Is there anything wrong with cooking at a higher temp in order to get the Thanksgiving ABT's done faster?  I was thinking about using the vortex on my Weber Kettle but that is usually a hot and fast method.


----------



## HHYak

Looks like either way, just cook the bacon to your liking.





__





						Making ABT's, Atomic Buffalo Turds, Stuffed Smoked Jalapeño Peppers, easy and delicious!
					

This site is all about: Making ABTs, Stuffed Jalapenos, Jalapeno Poppers, Smoking Meat,Real BBQ, Making Sausage, Making Cheese,Brewing Beer,Caning,making bread in general making great food!

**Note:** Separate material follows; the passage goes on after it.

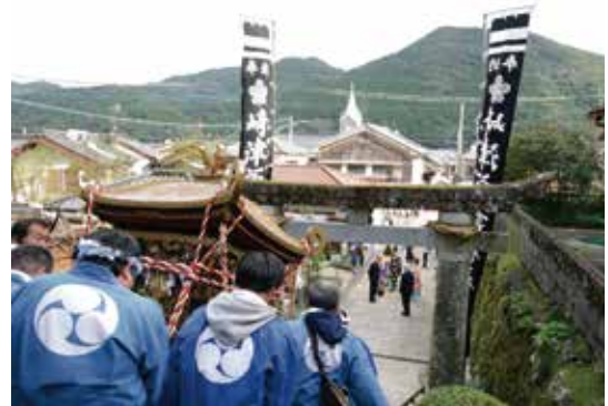
① Gran Festival del Santuario Sakitsu Suwa

El Santuario Sakitsu Suwa fue fundado en 1647, durante la prohibición del cristianismo, como deidad guardiana de la aldea. Los cristianos ocultos de la aldea de Sakitsu aparentemente pertenecían al templo como budistas, pero también eran feligreses del santuario de Sakitsu Suwa. En 1805, durante la detención de los cristianos ocultos en Amakusa, los funcionarios confiscaron objetos religiosos que habían estado escondidos. Incluso ahora, es venerado como un santuario que representa a la región y los eventos se llevan a cabo en primavera y otoño.
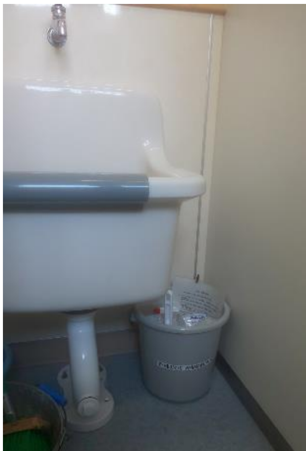
▲男子トイレ掃除用具入れに設置

					www.deejayssmokepit.net


----------



## sandyut

I dont think it matters much.  just till the bacon it rendered and crispy provided you are not using raw meat in the filling, then monitor temps.


----------



## gmc2003

The higher heat from the Vortex may cause the cheese to run out. Depending on how your making them. 

Chris


----------



## bpiela

I am going to give it a try.  I will point the top of the jalapenos to the outside of the grill and do my best to keep them as far away from the center as possible.  We will see what happens.


----------



## SmokinAl

As said above at high or low temps(I prefer at least 270-280) the main thing is to keep the cheese from running out, and get the bacon crispy!
Al


----------



## bpiela

I kept an eye on them. After an hour on the Kettle with the vortex, there was cheese running out.  Because of very windy weather, I removed them from the grill and finished in the oven at 400 for another 15 mins.  Some cheese did run out, which I think that is just going to happen no matter what.  If you pack the jalapenos to the top with the cream cheese mixture, it eventually has to melt and it will need more space.  The 15 mins in the oven finished off the bacon and they ended up being delicious.  Thanks for everyone's advice and thanks Jeff for the recipe!


----------



## SmokinVOLfan

I like to do mine at 250 for 2 hours. Usually end up with crispy bacon and cheese mixture just barely bubbling out!


----------



## bpiela

Ok.  Good to know!


----------